David Gerard wrote:
On 14/07/07, phoebe ayers wrote:
To go towards fixing this, we should make
notifying the original author
about deletions mandatory;
The AFD regulars have consistently held this to be far, far too
onerous. I suspect there's some presumption of bad faith in there as
well, because monitoring for crap does produce a bit of a siege
mentality.
Yeah, having to spend time with such notifications, or investigating the
history of an article detracts from the efficient operation of
deletions. I would take it further than Phoebe to include notices to
all significant contributors to an article. For a silly nomination like
[[Chess strategy]] this would include notices to many established people
who made contributions a long time ago, and have gone on to other things
-- like me who made a few small edits in April and May 2002.
(Remembering that most of what gets deleted really is
*complete crap*.
We're concerning ourselves on this thread with the false positives.)
That too. And those false positives get more attention than they
deserve. How they handle these borderline cases becomes the basis on
which we judge all the work of the AfD gang. When they exercise poor
judgement or become confrontational over borderline articles people
begin to question their judgement on everything, and even the pure crap
gets more scrutiny.
we should hold
admins to a higher standard in
writing descriptive edit summaries when they delete an article;
I shall try to be more flowery in my deletion summaries.
Be careful of the thorns in that bed of roses.
we should
encourage *all* regular editors to review prods and afds (not just the "afd
regulars");
I urge all those here who have not done so to go through
[[Special:Newpages]]. Read one day's load of the thing, and remember
that those are the articles that *survived*. THE HORROR. THE HORROR.

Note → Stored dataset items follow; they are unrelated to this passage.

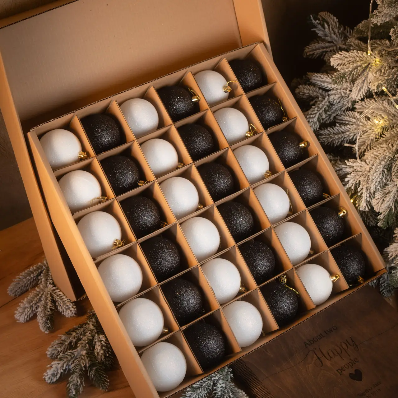 Сучасний дизайн, трендові кольори та бездоганна гармонія у кожній деталі. Чорно-білі та чорно-золоті набори створюють преміальний вигляд ялинки, додаючи святу елегантності та характеру. Ідеальний вибір для тих, хто хоче прикрасити дім зі смаком та отримати результат, як у професійному декорі
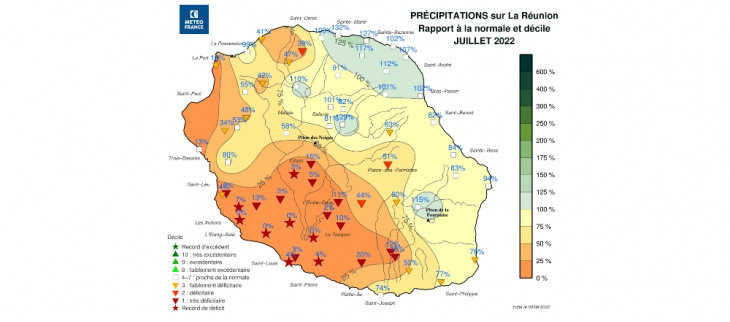 Bilan moyen sur l’île proche de la normale, mais contrasté. Le Sud-Ouest et le Sud Sauvage sont excédentaires tandis que les valeurs sont faiblement déficitaires sur le Nord et l’Est.
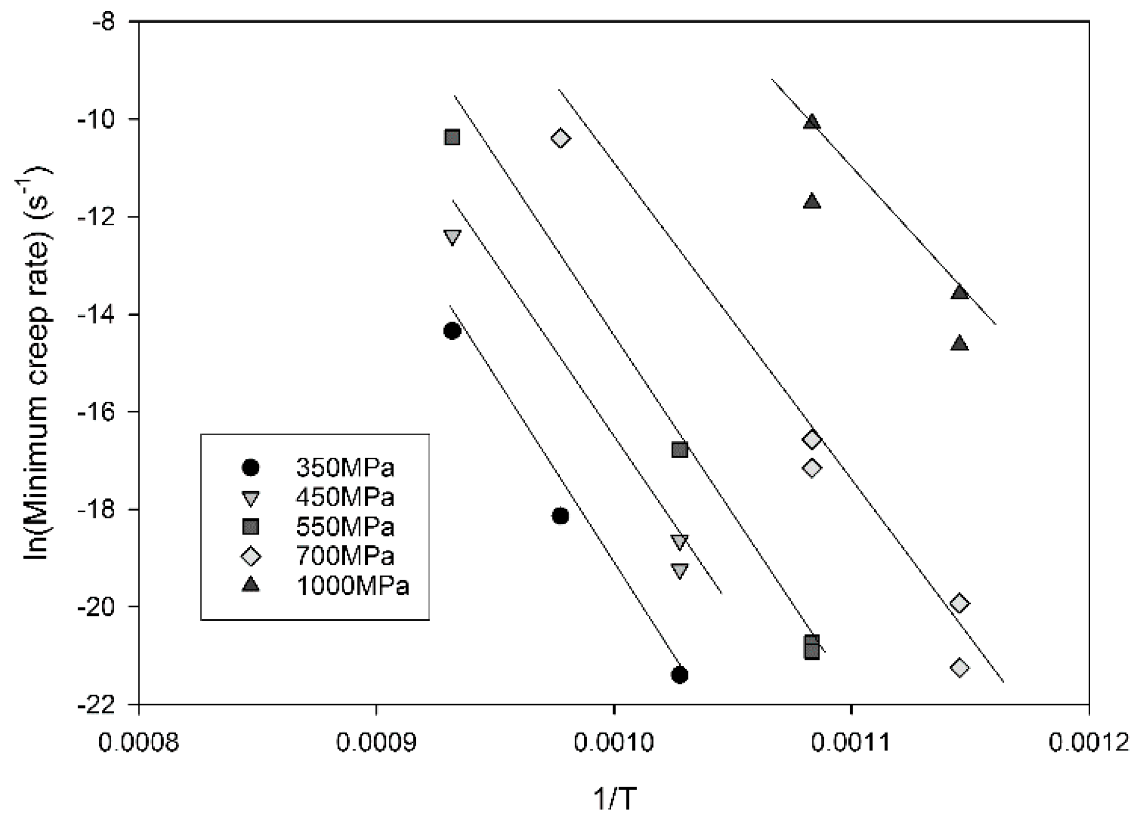 Table 2, values for 650 °C are not included due to a strain monitoring issue during the test.) Furthermore, since the value of the apparent activation energy, Q

Gee thanks!!!!! I just went there and wasted 5 hours.
we should
rewrite the help pages on deletion so it is *really
obvious* what is going on (since that is where normal people get sent, and
the pages are a clusterfuck of contradictory documentation currently);
As far as I can tell, the stage of trying to get one's way on
Wikipedia by playing WikiNomic kicks in between three to nine months
in. Some never get out of it.
AFD has long been the site of WikiNomic trench warfare. We're talking
Belgium early 1918 here.
The [[Battle of Messines]] did a good job on that.
and
we should seriously consider a proposal like SJ's where articles are shunted
into a "what do we do with this" queue instead of automatically going to
deletion when there are serious concerns.
It is a very nice suggestion. Now to make it fly.
I was encouraged by what happened when there was a common sensible mind
about what to do with the spoiler warnings.